Últimamente se está poniendo de moda entre los inmigrantes irregulares utilizar motos de agua para entrar en Melilla.
El 7 de mayo, la Guardia Civil detuvo a un hombre de nacionalidad española y residente en la ciudad autónoma como presunto autor de un delito de tráfico de personas después de ser sorprendido introduciendo en Melilla desde Marruecos a una persona en moto de agua. También interceptó al inmigrante, aun cuando éste se había tirado al agua.
El jueves sucedió algo parecido. En este caso, eran tres motos de agua cuyos ocupantes consiguieron llegar a tierra y dejaron los vehículos en la orilla de la playa. Además, no eran subsaharianos, sino que se trataba de tres marroquíes.

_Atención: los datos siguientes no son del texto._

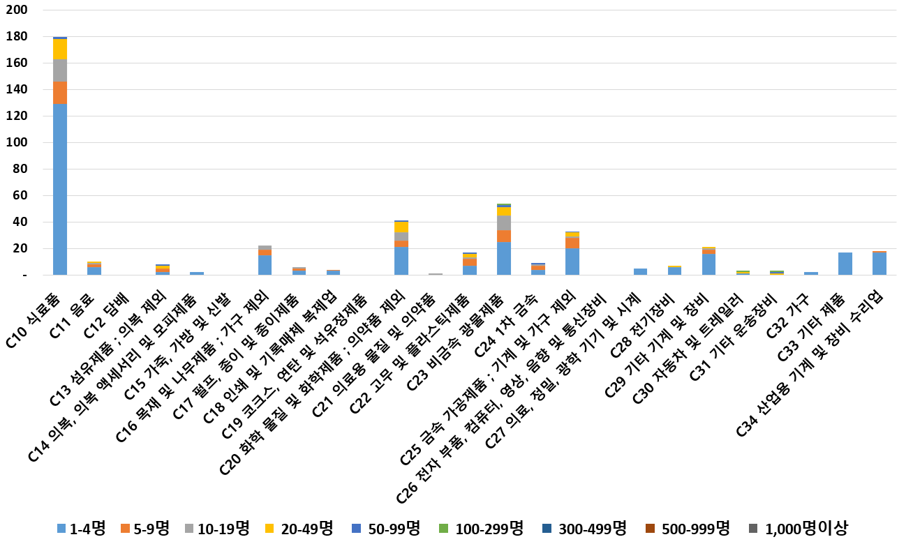 1) 업종별 · 근로자수별 제조사업체 현황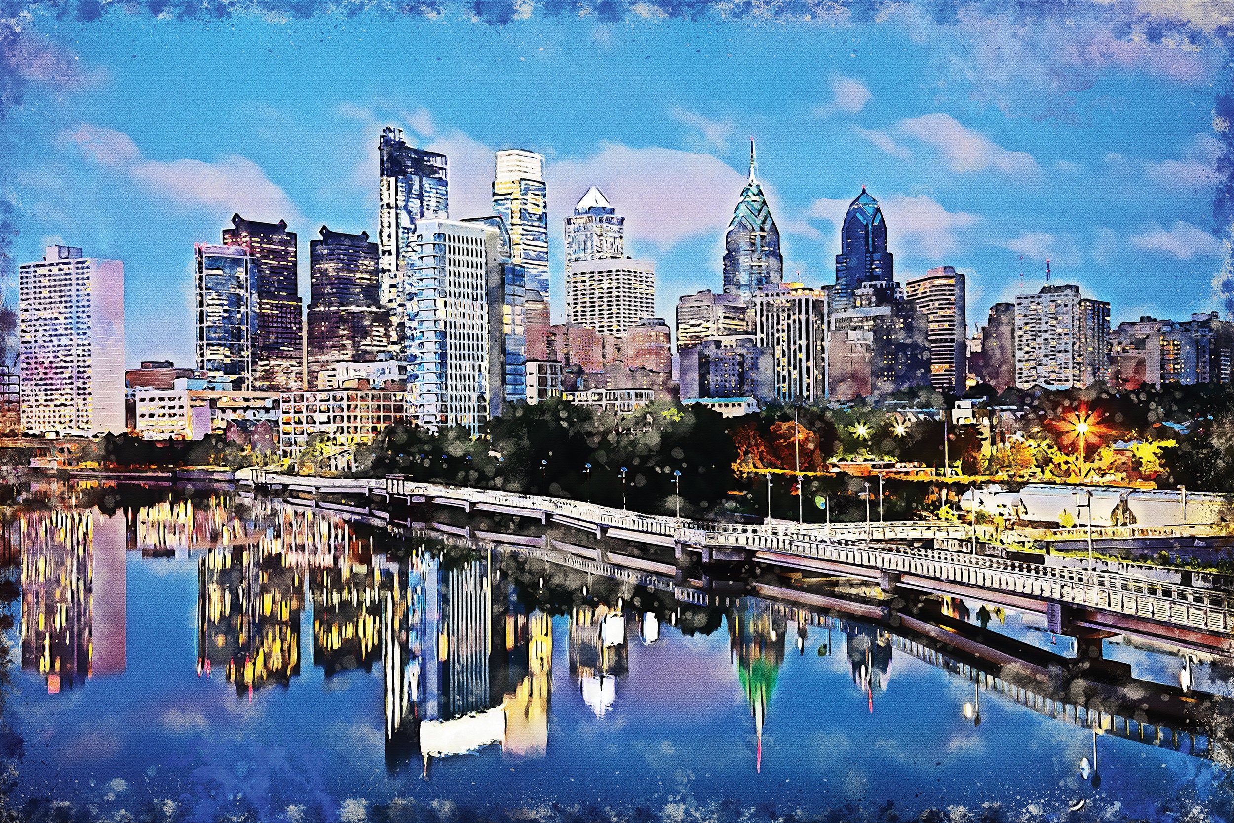 Stunning watercolor of the Philadelphia Pennsylvania skyline from the Schuykill River. Philadelphia watercolor on canvas. Great for a piece of wall art. Available as a single canvas at 16″ x 24″ , 24″ x 36″ , or 32″ x 48″ or we can make you a special 3 panel work of art as large as 4 x 8 foot wide. Digital Download is available and you can print it yourself (no product will be shipped with digital download.

Horcas Coloradas suele ser el lugar por el que intentan entrar estos inmigrantes, probablemente por tratarse de la playa más retirada del centro y, teóricamente, con menor vigilancia. Si es necesario, al avistar a la Guardia Civil, los ocupantes de las motos se lanzan al mar y, si tienen suerte, no serán interceptados.
Parece plausible pensar que cuenten con la ayuda de alguna otra persona, como sucedió el 7 de mayo, pero este método tiene, además, la ventaja para los inmigrantes de que no necesitan pagar los alrededor de 6.000 euros que las mafias les cobran de media. Eso sí: deben hacerse con la moto de agua, que no se sabe de dónde obtienen, ni si tienen que pagarla, ni quién la recoge una vez aparcada en territorio español, si es que la recoge alguien.
Otro punto a favor para ellos es que una moto de agua pasa mucho más desapercibida, aunque sólo sea por su tamaño y número de ocupantes –que pueden ser uno o dos-, que una embarcación donde viajen decenas de personas.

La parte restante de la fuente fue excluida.